Inspecting and Editing Knowledge Representations in Language Models
This work addresses the need for fine-grained inspection and control of knowledge in language models, which is crucial for improving reliability and interpretability in AI applications, though it is incremental in linking existing techniques.
The authors tackled the problem of understanding and modifying knowledge representations in language models by developing REMEDI, a method that maps natural language statements to fact encodings, enabling editing of LM outputs to align with new facts and probing to predict conflicts with background knowledge.
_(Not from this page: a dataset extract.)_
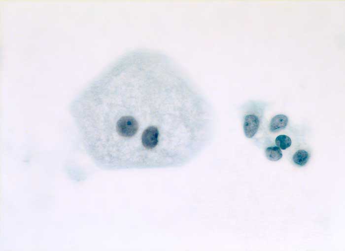 Urothelzellen ohne Atypien. Grössere zweikernige Deckzelle mit reichlich Zytoplasma links im Bild. Kleiner Gruppe intermediärer Urothelzellen rechts im Bild.

Neural language models (LMs) represent facts about the world described by text. Sometimes these facts derive from training data (in most LMs, a representation of the word "banana" encodes the fact that bananas are fruits). Sometimes facts derive from input text itself (a representation of the sentence "I poured out the bottle" encodes the fact that the bottle became empty). We describe REMEDI, a method for learning to map statements in natural language to fact encodings in an LM's internal representation system. REMEDI encodings can be used as knowledge editors: when added to LM hidden representations, they modify downstream generation to be consistent with new facts. REMEDI encodings may also be used as probes: when compared to LM representations, they reveal which properties LMs already attribute to mentioned entities, in some cases making it possible to predict when LMs will generate outputs that conflict with background knowledge or input text. REMEDI thus links work on probing, prompting, and LM editing, and offers steps toward general tools for fine-grained inspection and control of knowledge in LMs.